Fabric Painting Basics
When it comes to painting fabric, you have a few paint options. You can use acrylic or all surface paint and mix it with a tintable fabric medium in order to make it washable. If you don’t care about the item surviving the wash, you can just use plain acrylic. You can purchase pre-mixed fabric paint or use fabric paint pens or paint markers. You’ll probably need to head to a craft store to find any of these items.
Because there are so many options, it’s best to really read the back of the bottle and see if the type of paint you’re buying is recommended for the project you’re tackling. If you’re going to stamp tea towels, it’s probably best to avoid puffed fabric paints. If you want to paint jeans, using a tintable fabric medium might be the way to go.
If you really want to start from scratch, you can work with DIY paint. One method is to dilute regular paint with three parts water for each part of paint. Dampening the fabric with a spray bottle and working in small areas can help you get the best results. It's also a good idea to use a sanding sponge to evenly spread the layers of your paint.
First, prewash whatever you want to paint. This is an important step because you’re likely painting something that will shrink after the first wash. If it shrinks post paint job, whatever you paint will likely warp.
After you’ve washed and dried (and possibly ironed) your fabric, sketch out your design. Unless you’re going full freehand, you can use things like disappearing fabric markers to mark up your fabric, or a good old fashioned pencil.

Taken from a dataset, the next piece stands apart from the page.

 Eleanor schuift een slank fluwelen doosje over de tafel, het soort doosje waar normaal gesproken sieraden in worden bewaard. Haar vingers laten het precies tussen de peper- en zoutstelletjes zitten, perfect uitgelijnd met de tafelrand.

You can use something like an embroidery hoop to stretch and tighten the fabric to paint on, or you can use something like painter's tape to section off a portion of the fabric and create clean, sharp lines.
If you want to paint a pattern, consider using or making your own stencils or stamps. You can also get creative and use tape and stickers to help you form a pattern, or you can just freehand a pattern and channel your inner Mattisse.

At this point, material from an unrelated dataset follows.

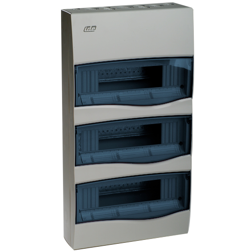 25800 Serie . Caja de distribución para sobreponer con ventana transparente PC color fumé. Módulos: 3x12 (36) raíl DIN. Dimensiones: 497Hx264Wx99Dmm. Grado de protección: IP40. Protección impacto: IK08. Tensión de empleo: 100VAC/1500VDC. Doble aislamiento Clase II. Temperatura de trabajo: -25ºC~+40ºC. Material de base y marco: ABS Blanco RAL 9003. Plásticos libres de halógenos con protección UV.

Once you’ve got your design in place, enjoy painting away. You'll need a variety of different brushes depending on what you're painting. A sponge brush would be helpful for stenciling, while traditional paintbrushes would be best for freehanding a design.
After you’ve painted your fabric, let it dry for at least twenty four hours. After that time, check to make sure there are no wet or damp areas of paint. If the item is completely dry, you'll need to set it with heat.
We recommend taking a thin flour sack towel and laying it across the top of your project and then using an iron to heat set the project. The towel protects your paint while the iron sets the paint deeper into the fabric fibers. Use the iron on medium or low and run it over the project in small circular motions for about three or four minutes.
A Word on Furniture
If the fabric you're painting happens to be furniture, the rules change a little. To paint furniture, you'll need to use chalk paint. While Annie Sloan chalk paint is considered top of the line, you can also grab perfectly great chalk paint at any craft store or home improvement store. For painting furniture, you will NOT want to make your own chalk paint.
No matter which method you use to paint, make sure to go slow and really work the paint into the fibers. It’s best to have a lot of small, light layers that are worked well into the fibers.